There are 2 best solutions below

0
On

I will just point out the obvious mathematical approach which is probably not really useful though. Assuming your vectors are in $\mathbb{R}^n$ and $\mathbb{R}^m$ for $m<n$ you can always take some injection from $\mathbb{R}^n$ to $\mathbb{R}^m$. The obvious one just pads by $0$'s.

Depending on what kind of analysis you are performing you might have a more natural subspace to which you want to map the smaller vector space. For example you might consider looking at some sort of partial projection. To visualize this consider the fact where you have two dimensional and one dimensional vectors.

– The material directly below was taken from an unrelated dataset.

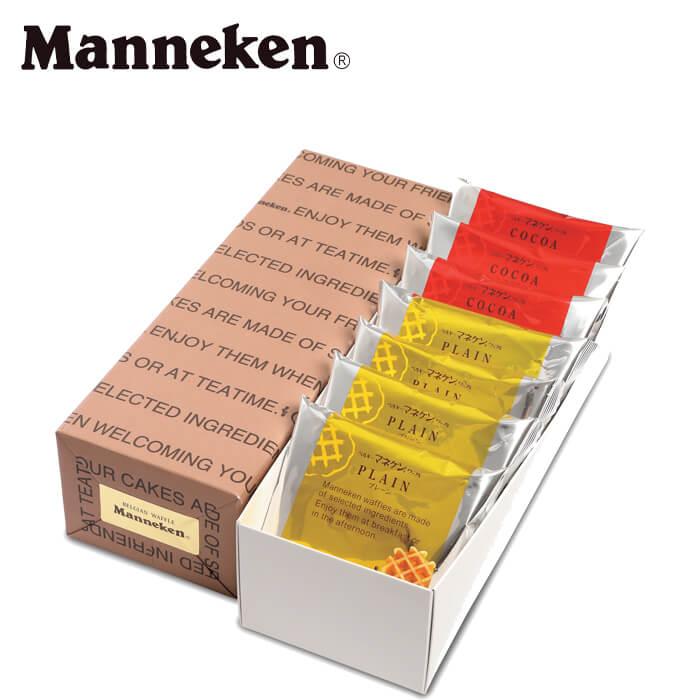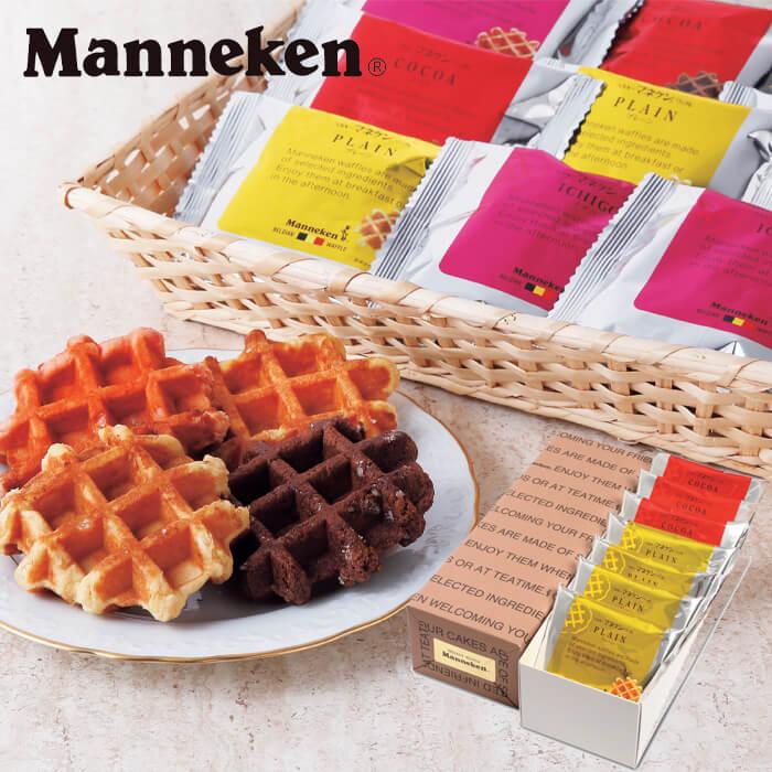 Assorted waffles (7 pieces) SE3-332-1 Manneken Family celebration, recovery celebration, wedding celebration, year-end gift, Father's Day, gift return, Respect for the Aged Day, Seven-Five-Three Festival, grandchildren, parents' home An assortment of plain waffles made with Belgian fermented butter and cocoa waffles kneaded with Belgian chocolate. .

To make it even more trivial take $(1,0)$, $(0,1)$ as your two dimensional sample and say $(2)$ as your one dimensional vector.

Depending on the type of data you could consider either mapping the one dimensional version so that the direction is the average of the directions of the two dimensional ones (in this case $(1,1)$) and the length could either be conserved (thus actually you would get $(\sqrt{2},\sqrt{2})$) or you could preserve the first coordinate(s) getting $(2,2)$.

For more dimensions the distortion becomes smaller and for larger datasets you might consider looking for example at averages for the undefined dimensions (possibly weighting them depending on similarity of defined dimensions). But all together this will hugely depend on what each dimension represents. If you expect that there is a corellation between the dimensions weighting makes more sense then if you don't etc.

One other approach is to instead of expanding the dimension of the shorter vector instead project the longer one. In particular just for example throw away the extra dimensions. Again a lot of this depends on what those extra dimensions represent and how they tie in to the ones you always have.

0
On

If your point is perpendicular to the projection plane you could just use Pythagoras' theorem. Recall that any point can be defined as a vector. Let $\textbf{q}$ be the higher-dimensional point, $\text{proj}(\textbf{q})$ be the projection of $\textbf{q}$ onto the lower-dimensional plane, and $d$ be the distance between these two points (i.e., vectors). Then $d$ is: $$ d = \sqrt{ \left\lVert q \right\rVert - \left\lVert \text{proj}(\textbf{q}) \right\rVert } $$ Where $\left\lVert \textbf{x} \right\rVert$ is the norm of $\textbf{x}$, i.e., the square root of the sum of the squares.

$\text{proj}(\textbf{q})$ could be found, for example, using the projection matrix, $\it{P}$, whose rows are any number of eigenvectors you choose from a covariance matrix, $\Sigma$. To find $P$ this way I refer you to instructions on how to perform Principal Component Analysis (PCA).